If I want to compare two arrays and create an interpolated output string if an array variable from array y exists in x how can I get an output for each matching element?
如果我想比较两个数组并创建一个插值输出字符串如果数组y中的数组变量存在于x中,我如何获得每个匹配元素的输出?
This is what I was trying but not quite getting the result.
这就是我所尝试的,但并没有得到结果。
x = [1, 2, 4]
y = [5, 2, 4]
x.each do |num|
puts " The number #{num} is in the array" if x.include?(y.each)
end #=> [1, 2, 4]
3 个解决方案
#1
100
You can use the set intersection method & for that:
你可以使用集合相交法&为此:
x = [1, 2, 4]
y = [5, 2, 4]
x & y # => [2, 4]
#2
16
x = [1, 2, 4]
y = [5, 2, 4]
intersection = (x & y)
num = intersection.length
puts "There are #{num} numbers common in both arrays. Numbers are #{intersection}"
Will output:
将输出:
There are 2 numbers common in both arrays. Numbers are [2, 4]
#3
2
OK, so the & operator appears to be the only thing you need to do to get this answer.
好的,所以&运算符似乎是得到这个答案所需要做的唯一的事情。
But before I knew that I wrote a quick monkey patch to the array class to do this:
但是在我知道我给数组类写了一个快速的monkey补丁之前:
class Array
def self.shared(a1, a2)
utf = a1 - a2 #utf stands for 'unique to first', i.e. unique to a1 set (not in a2)
a1 - utf
end
end
The & operator is the correct answer here though. More elegant.
这里的&运算符是正确的答案。更优雅。
#1
100
You can use the set intersection method & for that:
你可以使用集合相交法&为此:
x = [1, 2, 4]
y = [5, 2, 4]
x & y # => [2, 4]
#2
16
x = [1, 2, 4]
y = [5, 2, 4]
intersection = (x & y)
num = intersection.length
puts "There are #{num} numbers common in both arrays. Numbers are #{intersection}"
Will output:
将输出:
There are 2 numbers common in both arrays. Numbers are [2, 4]
#3
2
OK, so the & operator appears to be the only thing you need to do to get this answer.

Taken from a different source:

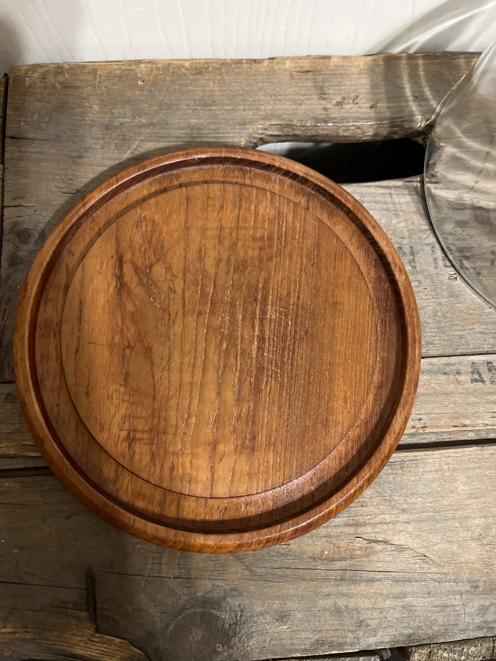 Vintage teak wood cheese board with glass cloche. This item is preowned in very good condition with some knife marks on the surface, but it has been sanded and given a food safe finish. Board is 7 1/4 inches in diameter and cloche is 6 3/8 inches in diameter.

好的,所以&运算符似乎是得到这个答案所需要做的唯一的事情。
But before I knew that I wrote a quick monkey patch to the array class to do this:
但是在我知道我给数组类写了一个快速的monkey补丁之前:
class Array
def self.shared(a1, a2)
utf = a1 - a2 #utf stands for 'unique to first', i.e. unique to a1 set (not in a2)
a1 - utf
end
end
The & operator is the correct answer here though. More elegant.
这里的&运算符是正确的答案。更优雅。